Hm... depends on the size of your tank. Also, remember that cleaners dont clean the tank _for_ you, they make their own messes too


----------



## Byte (Jan 15, 2011)

I understand that I still have to clean my tank regularly (as I do) I just wanted a little aid due to his supposed fin rot of keeping the place clean.

The tank is 2.5 gallons and it does have a Mystery Snail in it too, but I don't really think he does any cleaning... Just... Exploring


----------



## Here Fishy Fishy Fishy (Oct 29, 2010)

Byte,

With your exploring snail, you're at max bioload for the size tank you have now. Please don't add any other creatures until you acquire a larger tank. 
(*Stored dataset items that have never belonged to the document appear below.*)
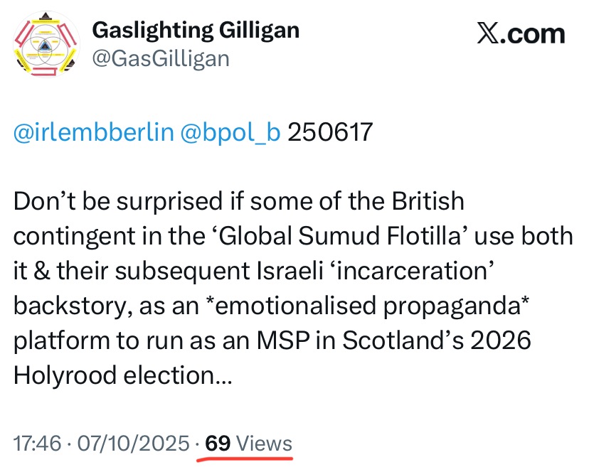 The Gaza Freedom Flotilla has not only been a Machiavellian masterclass in misdirection to bury the actual news of the Meloni war crimes referral to the ICC but is as I strongly suspect, set to become an emotionalised springboard to propel at least one of the British contingent of flotilla actors into Scotland’s Holyrood Parliament next year. (Note below how ‘journalist’ Yvonne Ridley shoehorns the globalist divide and conquer ‘misogyny’ propaganda narrative into the story. Hopefully by calling it out now any such plans will also be scuppered. That stated, people are so slave to their manipulated emotions the Orwellian cartel may well proceed regardless).
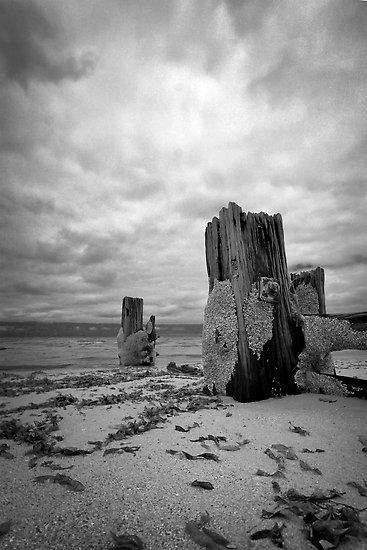 Amongst the photographic gems that Grantville beach makes available to photographers is a set of 3 rows of short pylons.
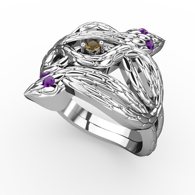 Dumanlı kuvars ve ametist 18 ayar beyaz altın yüzük
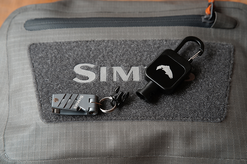 背面にはジッパー式の大型ポケットと、最大容量のゲームポケット。首元にはランディングネット用Dリング。最近ではジャケットにも付いていないことが多いですから、ベストやバッグについていると助かります。
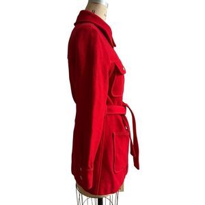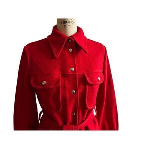 For Sale is a beautiful Vintage Knockabouts Pendleton Red Virgin Wool Jacket. Collared neck line, snap front, chest and hand pockets and belted waist.
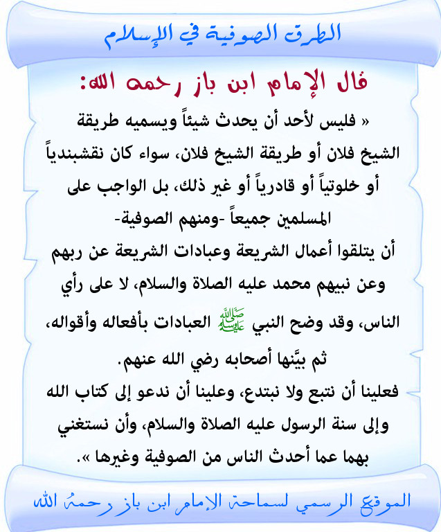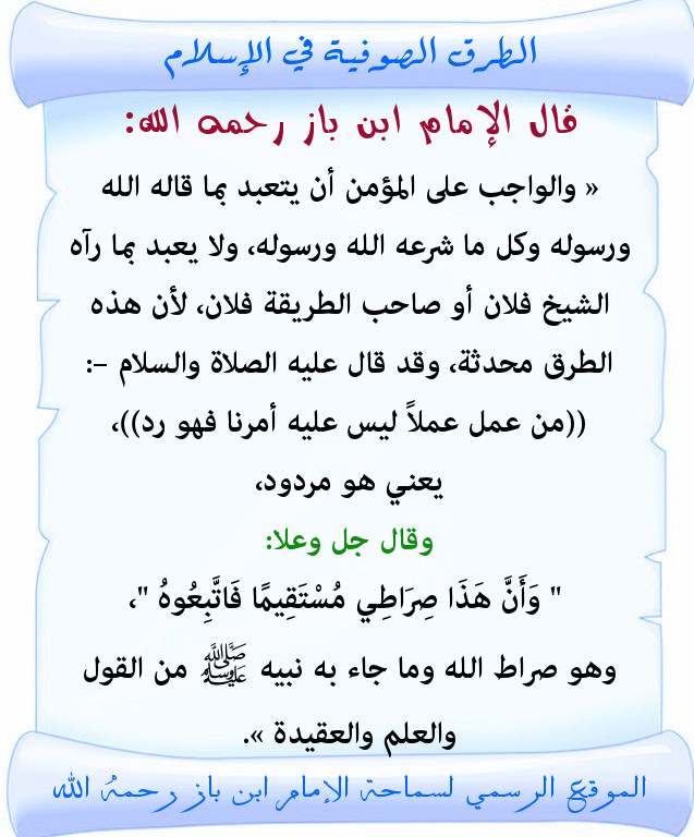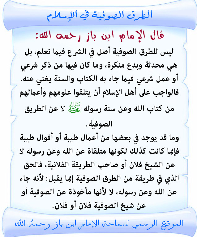 فالواجب على أهل الإسلام أن يتلقوا علومهم وأعمالهم من كتاب الله وعن سنة رسوله صلى الله عليه وسلم لا عن الطريق الصوفية.
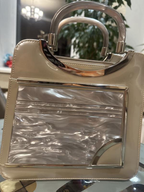 Сумка лакована в ретро стилі З перламутровою панеллю вставкою , із золотистою фурнітурою і з закругленою ручкою теж під перламутр Сумка із лакованої шкіри з цупким корпусом Розмір сумки : висота -25 см ; ширина -27 см ; по дну 13 см Не буду стверджувати що шкіра натуральна , не маю такої ініормації ! Має ледь помітну рисочку , напевно від ручки або олівця На довгій ручці потрібно о поміняти карабін ( дивіться фото )
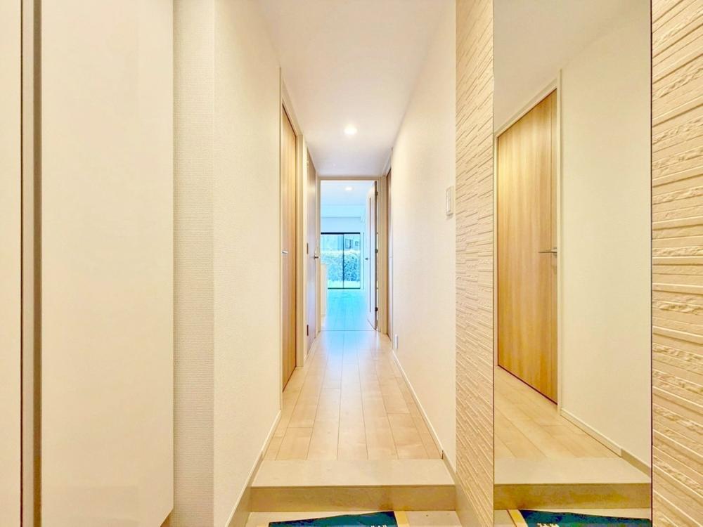 人を迎え入れる最初の場所だからこそ、清潔感があり纏まった空間にして頂ける様にゆとりあるシューズボックスを設置しました。おでかけの時も帰った時も、「我が家」を最初に感じでもらえる素敵な空間に。
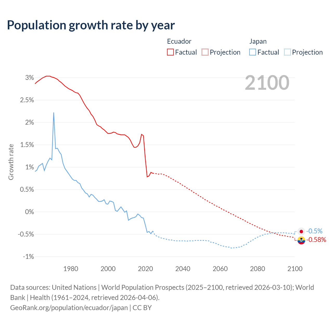 - For the last 10 years, Ecuador has had an average growth rate of +1.26% per year vs -0.25% in Japan.
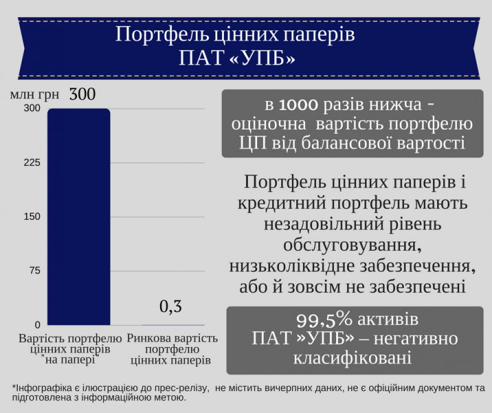 Кроме того, накануне введения временной администрации в финучреждение был продан высоколиквидный кредитный портфель банка стоимостью 2,42 млрд гривен. При этом все операции по отчуждению кредитного портфеля были осуществлены без фактического поступления средств на корреспондентский счет или наличных в кассу банка.
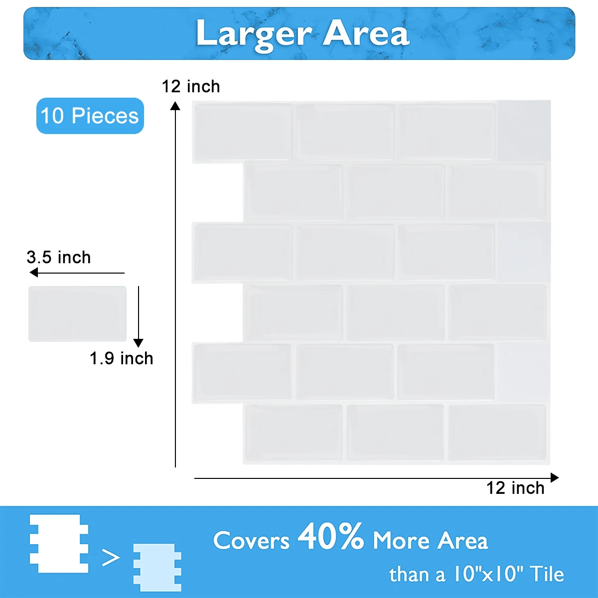 Яркие плитки 12*12 дюймов, самоклеящиеся виниловые обои, кухонные наклейки, плитка с 3d-эффектом метро, 10 листов
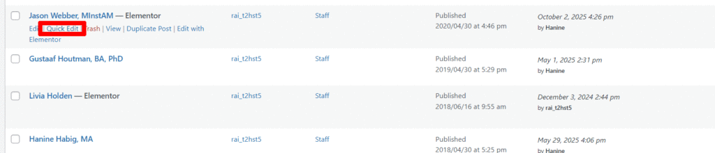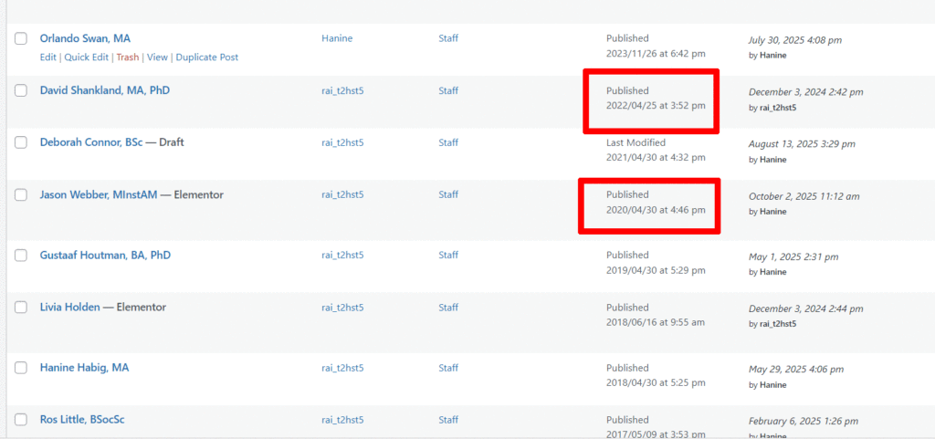 There should be no need to edit the staff page itself but to change the order go to WP dashboard > posts > filter by category “staff”. Here you will see the dates we have set to achieve the desired order.
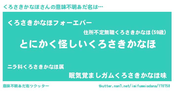 | ポケモン風あだ名 | 『ヒクロサキカナホ』『クロサダネ』 |
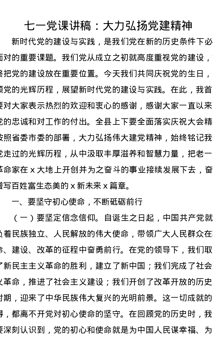 七一党课讲稿:大力弘扬党建精神
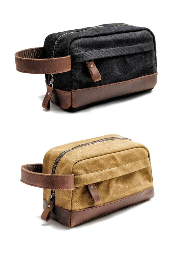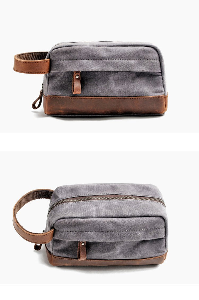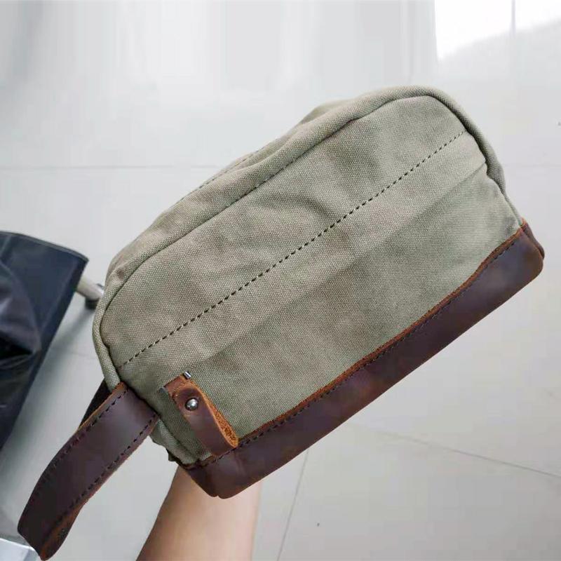Style: Cool Canvas Leather Mens Clutch Bag Handbag Storage Bag Wash Bag For Men
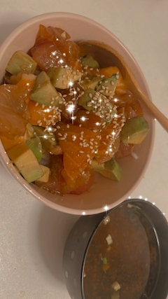 こんばんは🌙𖤐⡱ うたです👸🏻🩷 先週末無性に刺身食べたくなって割引きのお刺身でポキ丼つくった👍🏻 サーモンまぐろブリが入って500円以内でお得すぎた🉐 無事刺身欲も満たされて🐟大満足でした(^-^)
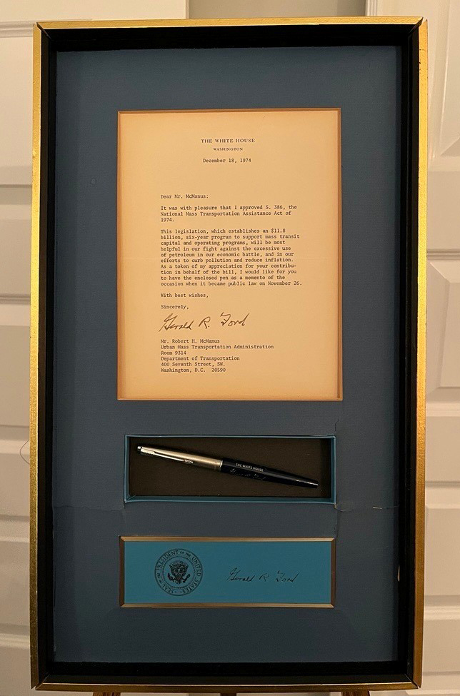In the 1960s, he joined the federal government at the Housing & Home Finance Administration, where the federal transit program was then housed. When the program moved to USDOT and became the Urban Mass Transportation Administration—now the FTA—McManus served as the senior career official. In that role, he played a central part in shaping the agency’s structure and core programs, many of which remain foundational to federal transit policy today.

Also, I wanted to warn you to be careful when considering buying catfish/corys for your tank... they range in adult length from 1.25" to several feet long! Be sure you know what size the adults of any given species 'grown out' to.


----------



## bettafish15 (Oct 3, 2010)

Ah, snails and shrimp and other bottom feeders wont help water quality for your betta. Finrot is caused by bad water quality, and "cleaning" critters only clean algae really.  I hear nerite snails are good for algae though. You could swap out your mystery snail for a nerite if you wanted.


----------



## Byte (Jan 15, 2011)

I don't have any algae in the tank so I guess it's a bit pointless. I don't think I'd ever add any extra fish to my tank, even if it were bigger

Thank you for the help and suggestions as always


----------